One note to online brokers marching toward world domination: Be careful — regulators are watching.
Online brokerages have long been immune to the legal actions dogging full-service firms that make investment recommendations. But now the electronic upstarts such as E*Trade (EGRP:Nasdaq – news), Schwab (SCH:NYSE – news) and Ameritrade (AMTD:Nasdaq – news) face the prospect that their legal responsibilities will be expanded to include so-called suitability, over advice on whether to buy or sell an investment was appropriate.
As a result, online brokers moving toward personalization of their sites and a more full-service operation will have to better manage their client interactions to maintain appropriate ideas for specific clients.
And from the looks of separate reports from the Securities and Exchange Commission’s Laura Unger and New York Attorney General Eliot Spitzer, those aren’t the only changes that may be in the wind for the online brokers. Indeed, almost all of their functions appear to be under scrutiny.
The report by commissioner Unger is a key move for the SEC, and is a likely precursor to some degree of rulemaking, although an SEC press release dubbed “extensive rulemaking” still “premature.” The report, issued Monday morning, set out a framework for the agency to:
- Gather information on suitability;
- Push online firms toward best-execution practices regardless of payment for order flow and order handling;
- Develop better real-time market information;
- Expand systems’ capacity;
- Increase investor education;
- Analyze chat rooms’ effect on certain stock prices; and
- Evaluate client privacy concerns.
The industry was busy evaluating the report Monday. “We’re just beginning to digest the report, so it’s too early to make a prediction,” says a Schwab spokesman. “But our view is that the online channel is one of many and that it would be a mistake to somehow single it out for specific regulation.”
An Ameritrade spokesman, however, said he didn’t see his firm venturing into the advice arena and thought the SEC report was trying to better regulate the evolution of Internet brokers.
If rulemaking does follow, says New York securities attorney Jonathan Kord Lagemann, it could dramatically change the way online brokers operate. “You’ve got to have a larger compliance and legal department, and that can make it difficult to keep giving cheap execution,” he says. “It’s going to force them to be more like Merrill Lynch (MER:NYSE – news).”
And like everything else they’ve touched on Wall Street, online brokers will be blazing some trails, especially in terms of suitability.
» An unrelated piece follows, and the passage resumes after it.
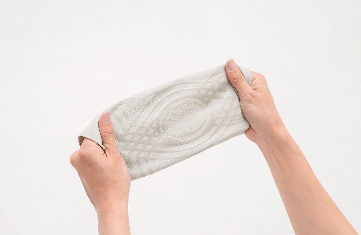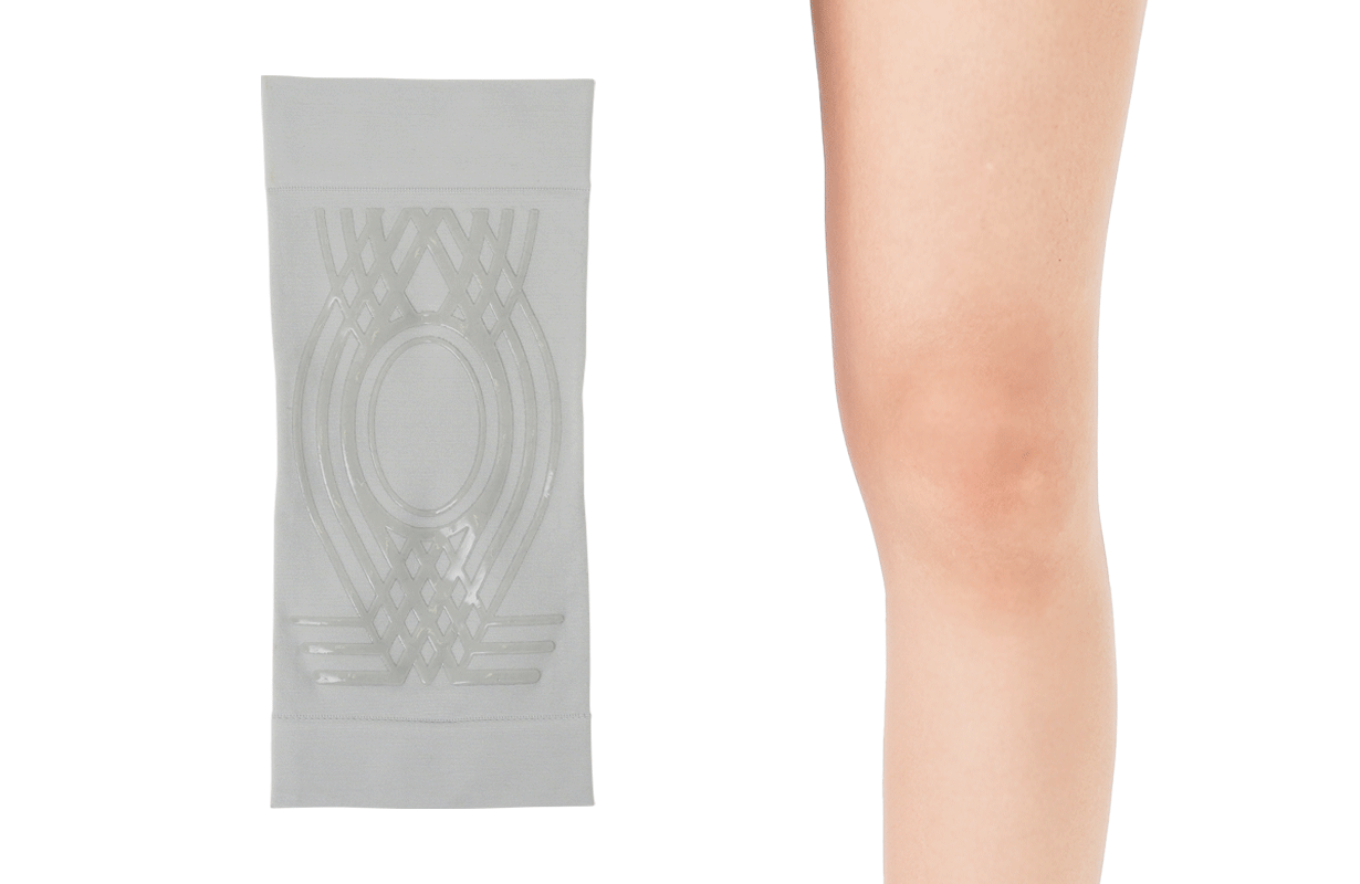 プリントされたシリコンが、まるで「ひざを補助する筋肉」となり、ひざ関節の動きをサポートしてくれます!

In the days of flesh-and-blood brokers, an unsuitable investment would be an oil-and-gas limited partnership sold to a 98-year-old widow who had never before invested. That definition has changed to put the focus on bringing an idea to buy, sell or hold a security to the attention of a client.
“The world has changed,” says Los Angeles securities attorney Philip Aidikoff of Aidikoff & Uhl. “If Merrill Lynch advertises research available and someone read it and then buys the stock online, doesn’t suitability come into play?”
Spitzer managed to squeeze $500,000 from the Securities Industry Association for educational advertising and materials for investors. While half a mill is dogtrack money compared to the hundreds of millions online brokers will spend on advertising in 1999, the effort is getting some attention.
Spitzer’s push has all the right buzzwords. His report endorses “good old fashioned research and education” and says that “cheap, easy and frequent trading does not equal successful trading.”
But attorney Aidikoff says regulators won’t be the primary influence on how online brokerages develop. “The reality is they can put in collars on suitability the same way they have with equity,” Aidikoff says, referring to the kinds of margin controls and trading limits e-brokers have put on customers. “And I suspect in the next eight to 12 months, you’ll see that — no matter what the SEC does.”
At a legal conference in New York two weeks ago, the SEC’s Carmen Lawrence said the agency was keeping a close eye on suitability and whether links to other sites, bulletin boards or third parties could fall into the category of recommendations.
Aidikoff, for one, is expecting change: “The firms will adapt because it doesn’t make sense for them to get sued on something they can prevent.”